## Exercise materials
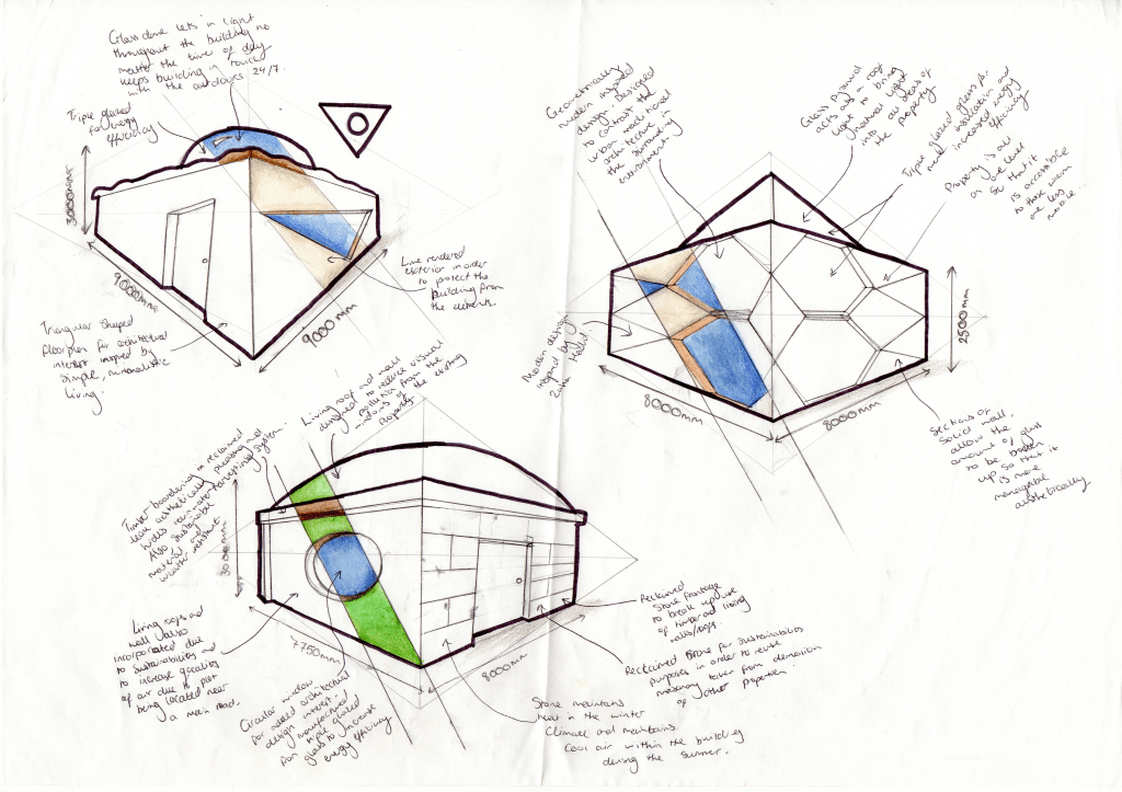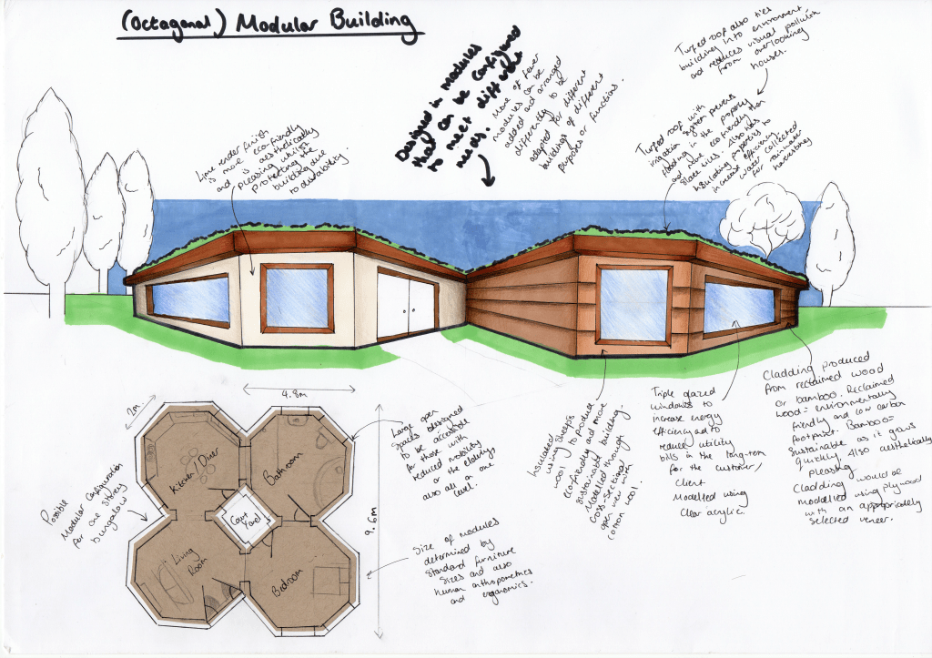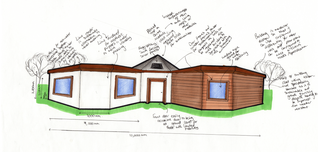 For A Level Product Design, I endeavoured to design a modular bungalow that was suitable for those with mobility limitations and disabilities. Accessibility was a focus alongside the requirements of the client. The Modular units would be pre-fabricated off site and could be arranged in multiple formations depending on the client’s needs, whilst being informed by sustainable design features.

...

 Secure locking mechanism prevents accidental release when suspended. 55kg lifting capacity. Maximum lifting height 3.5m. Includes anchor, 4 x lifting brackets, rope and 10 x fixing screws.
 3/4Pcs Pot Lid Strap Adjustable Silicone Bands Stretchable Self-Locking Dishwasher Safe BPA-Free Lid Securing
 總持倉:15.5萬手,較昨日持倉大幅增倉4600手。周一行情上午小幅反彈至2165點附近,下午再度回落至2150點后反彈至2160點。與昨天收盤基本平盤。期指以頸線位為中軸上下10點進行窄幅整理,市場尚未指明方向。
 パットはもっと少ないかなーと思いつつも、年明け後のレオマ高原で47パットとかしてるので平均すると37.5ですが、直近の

* * *

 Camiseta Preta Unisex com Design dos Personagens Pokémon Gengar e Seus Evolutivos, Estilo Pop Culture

## What to produce
Retype exactly the lines of the data above that fall between the line with "總持倉:15.5萬手,較昨日" and the line with "パットはもっと少ないかなーと", inclusive, and add nothing.

## Solution for this exercise
 總持倉:15.5萬手,較昨日持倉大幅增倉4600手。周一行情上午小幅反彈至2165點附近,下午再度回落至2150點后反彈至2160點。與昨天收盤基本平盤。期指以頸線位為中軸上下10點進行窄幅整理,市場尚未指明方向。
 パットはもっと少ないかなーと思いつつも、年明け後のレオマ高原で47パットとかしてるので平均すると37.5ですが、直近の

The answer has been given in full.